Зачерпнув в чайник воды, Ваня не ушел от речки, загляделся на серебристую лунную дорожку. Дорожка блестела. Это сотни маленьких лун сверкали на черной воде. И вдруг сразу исчезло все… Он хотел закричать, но твердая тяжелая рука сдавила ему рот. Он хотел вырваться, убежать, но его оторвали от земли и понесли. Он увидел шагающие по траве сапоги, хотел что-то вспомнить, хотел, но уже не мог…
Была ночь, были звезды, была трава и узкая дорожка, убегающая от речки через старую гарь в лес. Но Ваня не слышал, как скрипит трава, не видел шагающих сапог, не чувствовал, что хлещет его по лицу липкая смолка и гладят хохлатки — мягкие, добрые цветы. Он ничего не видел, ничего не слышал — его не было, его победил страх.
Сначала Ваня почувствовал боль, просто боль, и не сразу понял, что это болят руки, перевязанные за спиной крепким шнурком… Он поднял лицо от колючей земли, слизнул с губ смолистые иголки. Небо закрывали широколапые ели, под хвойной крышей было темно, как в погребе.
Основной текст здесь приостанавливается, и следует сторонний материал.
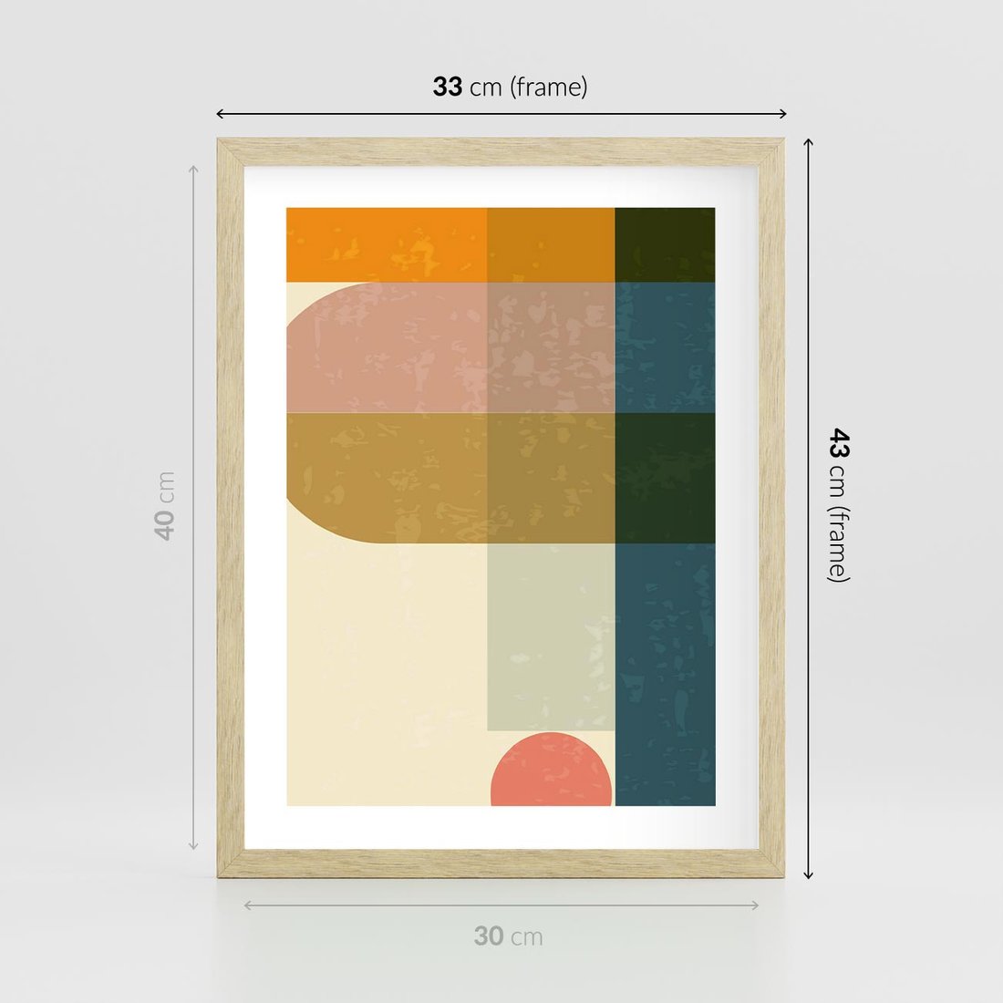 Plakat w ramie 30x40 - Geometryczna Grafika na Plakacie - geometryczna nowoczesna grafika, minimalizm - rama drewno
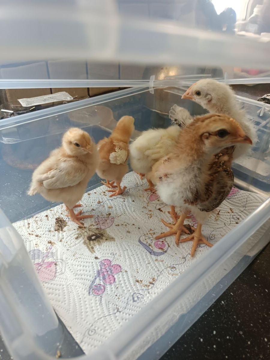 Во время уборки цыплята в коробке. Пластиковой. Как черенки. Крышкой прикрыты сверху. Иначе выпрыгнуть могут. За полчаса даже чистую салфетку превращают в нечистую. Растёт малышня. Это мафиозники болтуны. Щебечут на своём постоянно что-то. Тишина бывает лишь в моменты сна.
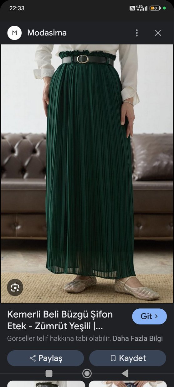 Kemerli, piliseli uzun yeşil etek, sentetik kumaştan, bol kesim. Günlük kullanıma uygun klasik ve çağdaş tarzda.
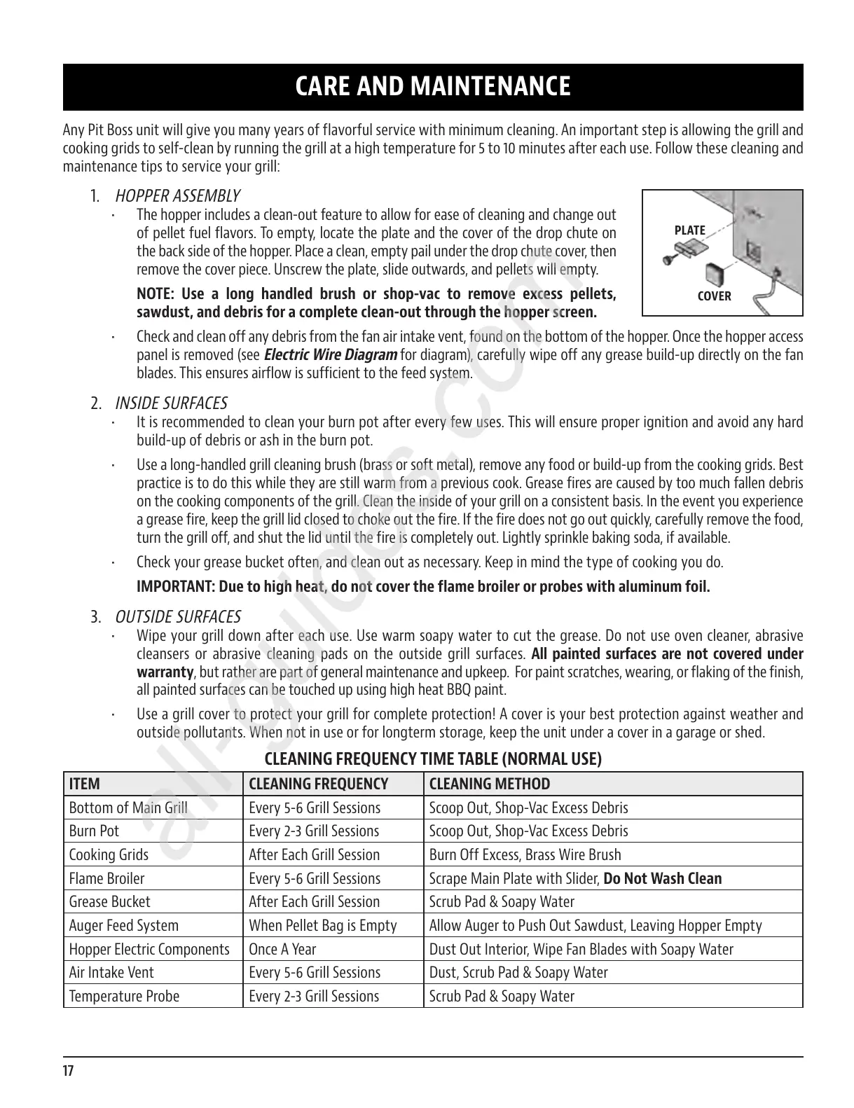 Burn Pot Every 2-3 Grill Sessions Scoop Out, Shop-Vac Excess Debris

Привыкнув к густой темноте, Ваня увидел перед собой двух мужиков. Они молчали, сидели неподвижно, как истуканы… Немного гудела голова и ныли отекшие руки, но страха уже не было. Ваня мог думать сейчас и о ребятах и об этих мужиках, которые зачем-то притащили его сюда, связали ему руки и бросили под елку.
— Что же теперь делать, Никифор? — Это спросил большой мужик. Ваня видел только его широкую спину.
Другой, маленький, ответил:
— Подумаем. Пока очухается парень… До свету еще далеко.
Мужики опять замолчали. Ване показалось, что один смотрит в его сторону. Он закрыл глаза… Пусть мужики думают, что он все еще без памяти. Так лучше, скорее можно узнать, зачем они его в лес притащили, что дальше делать думают…
— Спросить паренька следует… Кто им дорогу указал на Сорочий Ручей… — начал один.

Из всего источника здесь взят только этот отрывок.